It's all part of the endless fight against proprietary systems. When cloud providers started using 'optimized' images the response was to move everything above the VM to 'container' level. The same thing happened in the VM boom once hardware makers started adding binary blob drivers to bare metal.
We'll just keep building layers as manufacturers try to lock the lower ones down :)
Basically, the cost of spinning VMs is coming down drastically (with Hyper.sh and Intel ClearContainers offering 200ms boot) and it is now feasible to run your apps on a personal cloud sandbox. You data resides in that box and runs code you have approved; away from the prying eyes of FB, Google and the government. Everyone's facebook will be an individually hosted app, talking to each other over agreed upon protocols; as opposed to exchanging data within the facebook infra.
Of course, a lot of UX and engineering problems need to be solved along the way. Provisioning a personal sandbox cannot be any harder than creating an account on a Social Network. Beiber's sandbox will need to distribute data to 105M followers efficiently. You'll need to patch vulnerabilities at scale, so there needs to be some trust model for applying patches. You need relays to overcome censorship etc.
What you - and the personal facebook case - are really describing is IndieWeb, and already developing movement of home-building your social media and linking with others implementing open protocols.
The main issue just now is that writing (or deploying) IndieWeb platforms and hosting them is the preserve of geeks, and it will not take off and displace current platforms until we can make it trivial for Mom and Dad to join us.
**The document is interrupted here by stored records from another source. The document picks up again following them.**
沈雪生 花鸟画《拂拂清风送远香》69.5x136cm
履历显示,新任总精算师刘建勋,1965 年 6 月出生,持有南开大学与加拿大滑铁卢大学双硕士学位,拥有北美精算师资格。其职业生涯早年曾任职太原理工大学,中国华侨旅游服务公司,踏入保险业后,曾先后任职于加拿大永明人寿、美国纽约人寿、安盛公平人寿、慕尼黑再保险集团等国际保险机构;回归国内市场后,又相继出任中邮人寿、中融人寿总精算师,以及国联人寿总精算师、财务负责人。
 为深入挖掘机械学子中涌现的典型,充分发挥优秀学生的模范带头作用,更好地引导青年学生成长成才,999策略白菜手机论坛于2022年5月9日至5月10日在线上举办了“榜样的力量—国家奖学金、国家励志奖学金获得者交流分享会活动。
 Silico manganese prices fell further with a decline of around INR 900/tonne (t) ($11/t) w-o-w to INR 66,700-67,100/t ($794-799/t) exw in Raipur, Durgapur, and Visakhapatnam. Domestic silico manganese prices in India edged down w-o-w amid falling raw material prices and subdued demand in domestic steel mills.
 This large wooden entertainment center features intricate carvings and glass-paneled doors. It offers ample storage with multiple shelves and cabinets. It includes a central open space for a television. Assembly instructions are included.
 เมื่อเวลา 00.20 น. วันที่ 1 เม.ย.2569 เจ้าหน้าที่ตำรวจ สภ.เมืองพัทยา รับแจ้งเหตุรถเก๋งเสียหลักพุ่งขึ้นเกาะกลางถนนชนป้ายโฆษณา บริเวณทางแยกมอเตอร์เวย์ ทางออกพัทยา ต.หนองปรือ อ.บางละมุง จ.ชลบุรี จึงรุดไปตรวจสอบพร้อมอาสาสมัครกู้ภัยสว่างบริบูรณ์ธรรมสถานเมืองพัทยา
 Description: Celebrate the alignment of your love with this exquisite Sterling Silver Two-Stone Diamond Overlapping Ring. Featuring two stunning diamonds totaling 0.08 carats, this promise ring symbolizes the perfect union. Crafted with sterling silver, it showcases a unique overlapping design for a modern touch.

Sounds like https://urbit.org. Their vision is to build a personal cloud atop existing infrastructure where apps/data are all user owned, decentralized, among other things (globally referentially transparent file system, auth/identity services provided by the network, guaranteed message delivery, etc.).
Wouldn't this be good for shutting down unused VMs in order to save money when renting infrastructure? Most website can go "down" during the night and when a user tries to connect to it, it would take 0.2s extra, but after that it would stay on.
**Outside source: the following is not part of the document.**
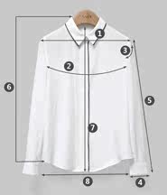 | 尺码 | ①肩宽 | ②胸围 | ③袖臂围 | ④袖口围 | ⑤袖长 | ⑥前衣长 | ⑦后中长 | ⑧下摆围 | ||
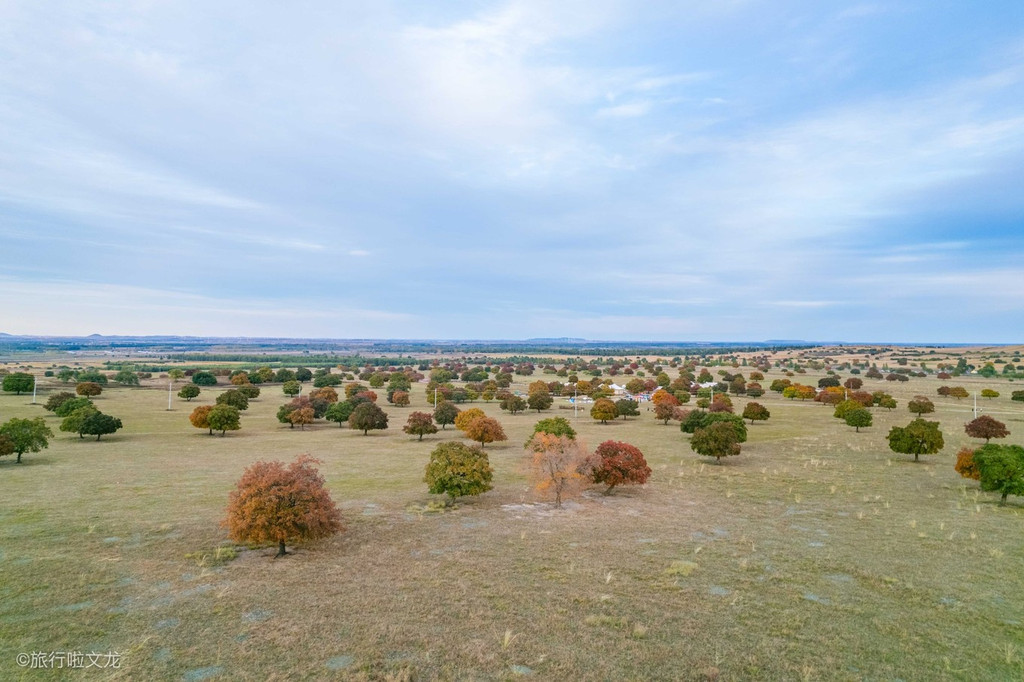 秋天的大草原退出了很多的绿色,一望无际的大草原上显得光秃秃和荒凉了起来,而五角枫景区,在草原上又多了这么多卫士伫立,更是一份美景。

Now that I think of it, spiders/bots might activate it beforehand. You could use robots.txt, but not all spiders/bots seem to follow those "rules".
Heroku actually does this for their free instances. They "sleep" servers after iirc 30 minutes of inactivity, and they wake up again after the first request, which takes a few seconds longer as it boots up.
What does a website really do if it does nothing? What money does it consume? What else can you do with the machine it's on? Wouldn't moving VMs around accomplish the same goal?
It's definitely impressive, kinda like an own serverless implementation.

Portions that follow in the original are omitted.